Information:
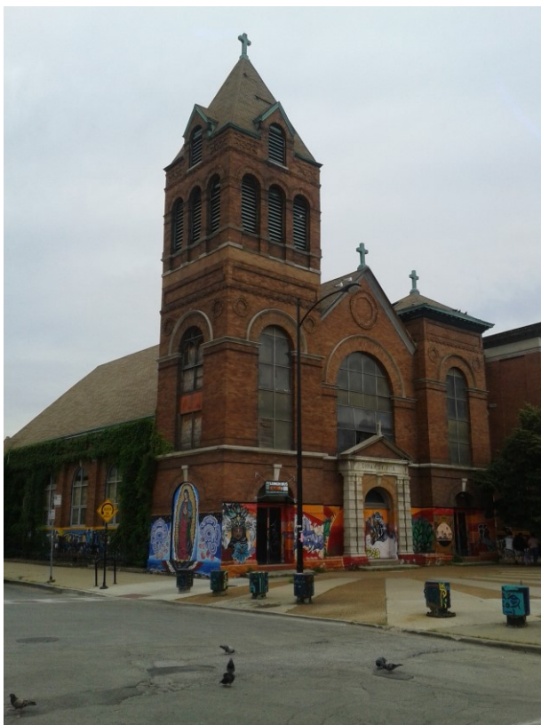
Příloha č. 11; Kostel sv. Víta v chicagské Plzni.
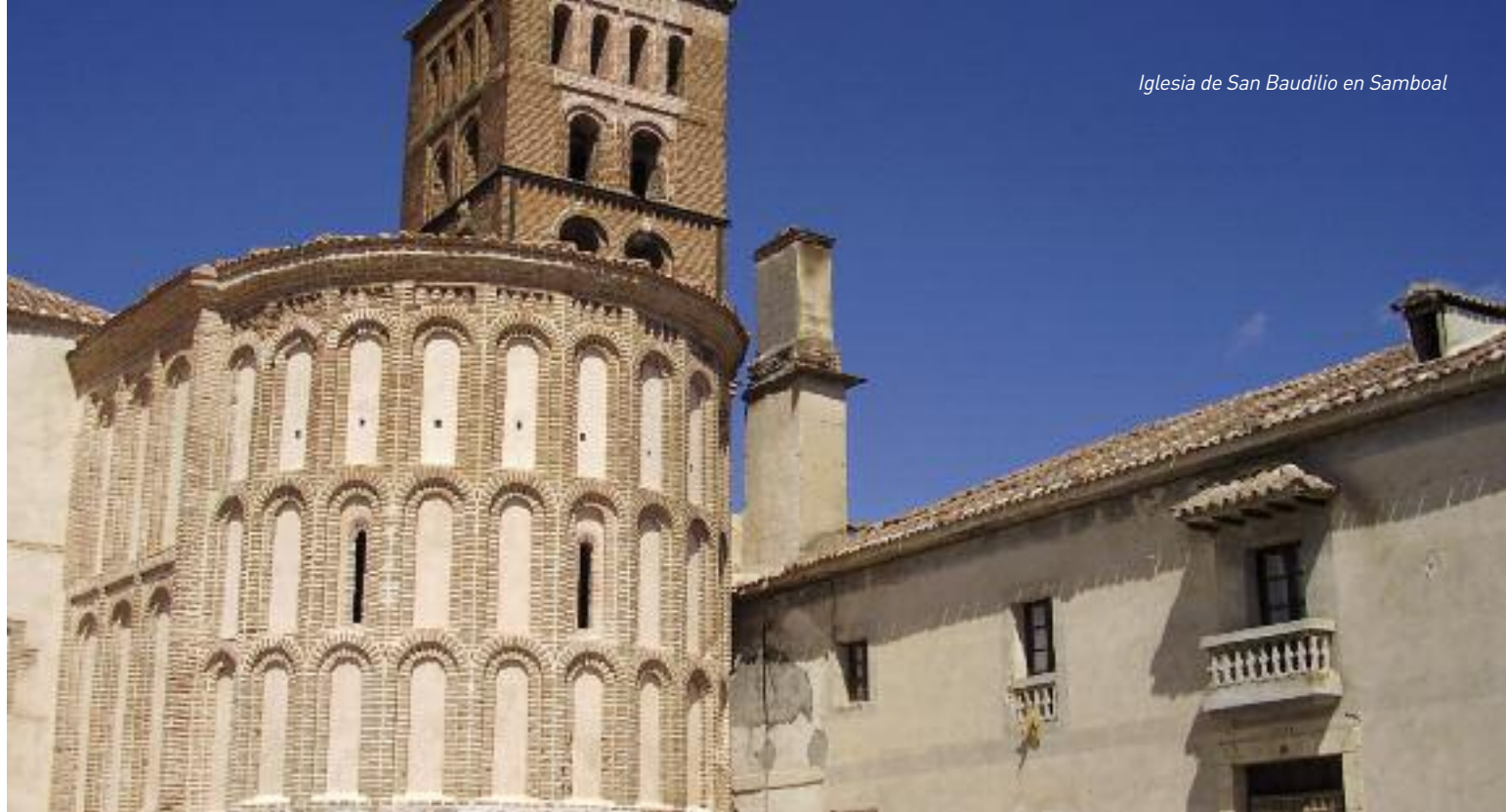
Iglesia de San Baudilio en Samboal
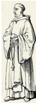
Een benedictijner monnik

Het teruggetrokken leven van monniken en kluizenaars heeft mij altijd al geïntregeerd. In mijn jeugd bewaakten monniken mij in de rooms-katholieke speeltuin in Rotterdam. Ik zie nog het donkerbruine kruis dat zij aan een lange houten ketting om hun middel droegen.
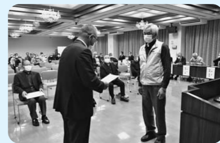
▲委嘱状交付式(尾花沢)
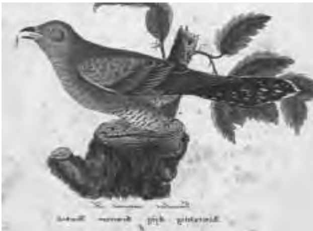
De afbeelding is getekend door de Deense tekenaar Niels Kjærboilling. Uit: Icones ornithologiæ Scandinaviæ . [1875-9]
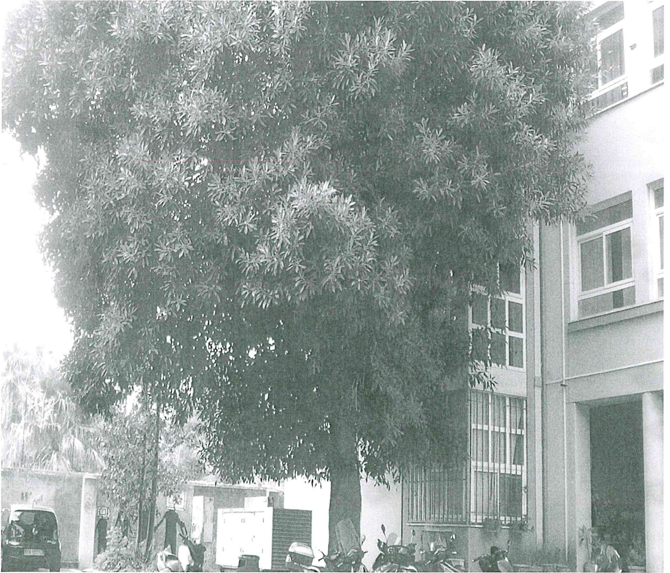
LICEO CLASSICO UMBERTO I° Via F. Parlatore - Palermo

Your objective:
The reply should hold only the lines running from the top of the records to the line containing "Een benedictijner monnik", both included, copied exactly with no pictures.

Response:
Příloha č. 11; Kostel sv. Víta v chicagské Plzni.
Iglesia de San Baudilio en Samboal
Een benedictijner monnik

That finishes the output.